Research

Memory and context

Memory and context as product problems

What the system should remember

There is a question underneath the AI product conversation that almost nobody is asking clearly in April 2021. It is not which model is best. It is not which company will win. It is something more structural and more interesting: what should a system remember, and what should it forget?

This sounds like an engineering question. It is actually a product question, and under that, an organisational one.

Every AI system in use today has some relationship to context. The model receives a window of information, some text, some history, some instruction, and it produces a response based on that window. The window closes. The next interaction opens a new one. Whatever was not explicitly passed back in is gone.

This works well enough for isolated tasks. It breaks down quickly for ongoing work.

If you are using a language model to help draft a client proposal, and you have spent three sessions refining the positioning, the tone, the specific language the client responded well to: none of that is automatically available in session four. You either rebuild it manually each time, or the quality degrades, or you stop using the tool because the cognitive overhead is too high.

That degradation is not a model failure. It is a memory architecture failure. And it is the main reason AI tools that impress in demos underperform in daily operational use.

Context windows as economic constraints

The technical framing for this problem in early 2021 is context windows. Models can only attend to so much text at once. Make the window too small, and the model loses track of earlier work.

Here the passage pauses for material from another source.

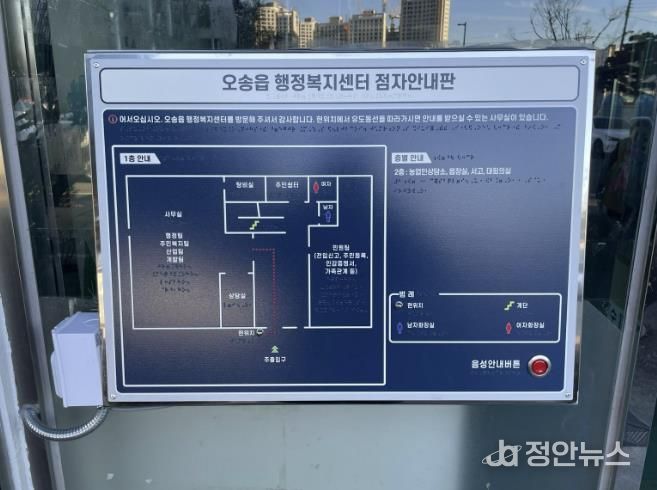 정안뉴스 황은경 기자 | 청주시는 장애인의 시설 접근성과 이용 편의성을 높이기 위해 읍·면·동 행정복지센터 17개소에 점자 안내판을 새롭게 설치했다고 17일 밝혔다.

Make it larger, and inference becomes expensive and slow.

This is a real constraint, and it shapes everything. But the economic argument about window size misses something important. Even if context windows grow significantly, and they will, the question of *what to put in them* remains. Longer windows do not eliminate the curation problem. They defer it.

When a system can technically hold one hundred pages of context, the question becomes: whose hundred pages? Which conversations? Which decisions? Which background documents? Which institutional norms?

A longer window creates more surface area for noise. The signal question, what actually matters to this task, this person, this moment, does not get easier. It gets harder to answer sloppily.

This is where the product design challenge becomes genuinely interesting. Memory is not just storage. It is selection. And selection requires a model of what the work actually is.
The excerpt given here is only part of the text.